Exercise:
Return the lines below that carry the word "with".

Source material:
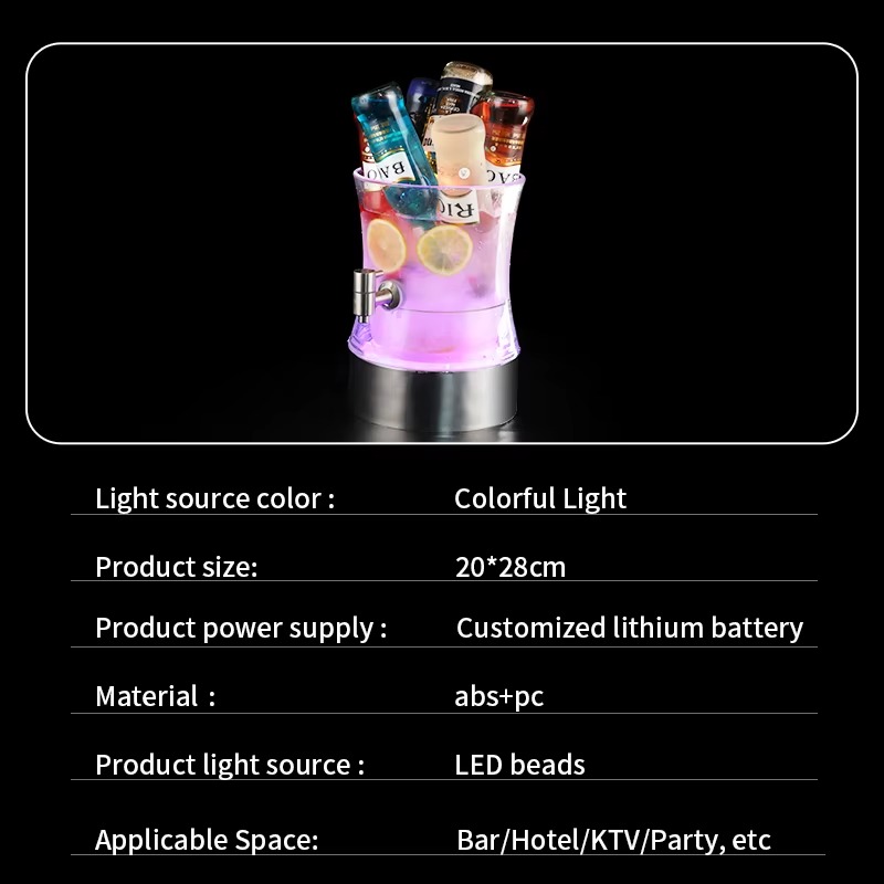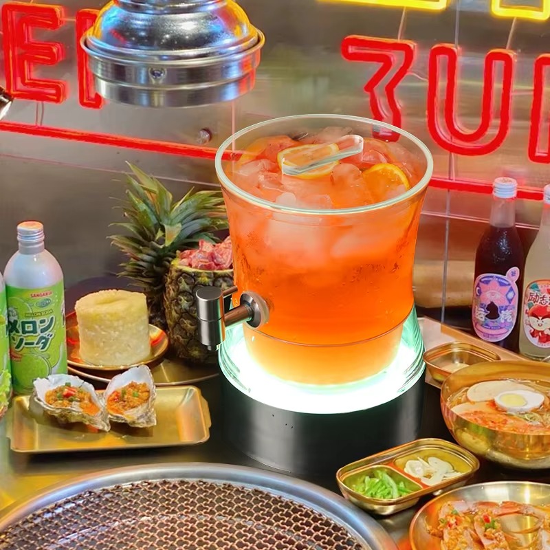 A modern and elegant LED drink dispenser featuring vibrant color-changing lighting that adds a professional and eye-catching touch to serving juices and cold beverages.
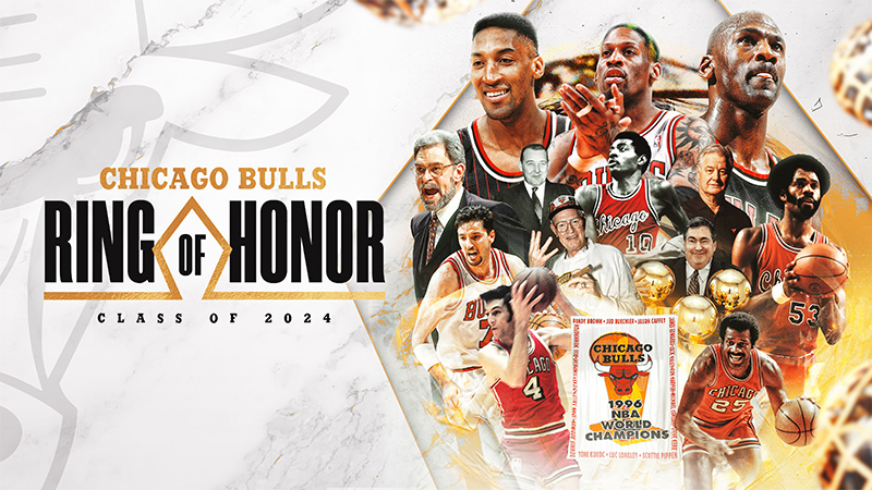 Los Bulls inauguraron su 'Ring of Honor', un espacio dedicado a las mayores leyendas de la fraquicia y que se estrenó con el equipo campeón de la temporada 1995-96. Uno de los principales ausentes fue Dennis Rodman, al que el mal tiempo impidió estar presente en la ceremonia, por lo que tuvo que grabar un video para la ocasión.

* * *

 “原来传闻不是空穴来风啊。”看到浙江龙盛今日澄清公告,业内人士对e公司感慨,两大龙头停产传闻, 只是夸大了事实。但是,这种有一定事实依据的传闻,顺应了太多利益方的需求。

...

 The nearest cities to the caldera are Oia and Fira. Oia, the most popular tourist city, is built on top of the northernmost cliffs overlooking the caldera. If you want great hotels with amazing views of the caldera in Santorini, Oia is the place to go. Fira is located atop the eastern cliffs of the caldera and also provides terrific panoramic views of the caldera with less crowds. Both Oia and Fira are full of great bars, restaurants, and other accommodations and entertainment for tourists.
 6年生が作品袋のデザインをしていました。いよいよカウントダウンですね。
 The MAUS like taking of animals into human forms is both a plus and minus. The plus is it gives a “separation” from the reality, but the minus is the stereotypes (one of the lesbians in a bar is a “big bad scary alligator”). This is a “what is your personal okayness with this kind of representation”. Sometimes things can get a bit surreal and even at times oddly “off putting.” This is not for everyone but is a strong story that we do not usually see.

Your response:
 The nearest cities to the caldera are Oia and Fira. Oia, the most popular tourist city, is built on top of the northernmost cliffs overlooking the caldera. If you want great hotels with amazing views of the caldera in Santorini, Oia is the place to go. Fira is located atop the eastern cliffs of the caldera and also provides terrific panoramic views of the caldera with less crowds. Both Oia and Fira are full of great bars, restaurants, and other accommodations and entertainment for tourists.
 The MAUS like taking of animals into human forms is both a plus and minus. The plus is it gives a “separation” from the reality, but the minus is the stereotypes (one of the lesbians in a bar is a “big bad scary alligator”). This is a “what is your personal okayness with this kind of representation”. Sometimes things can get a bit surreal and even at times oddly “off putting.” This is not for everyone but is a strong story that we do not usually see.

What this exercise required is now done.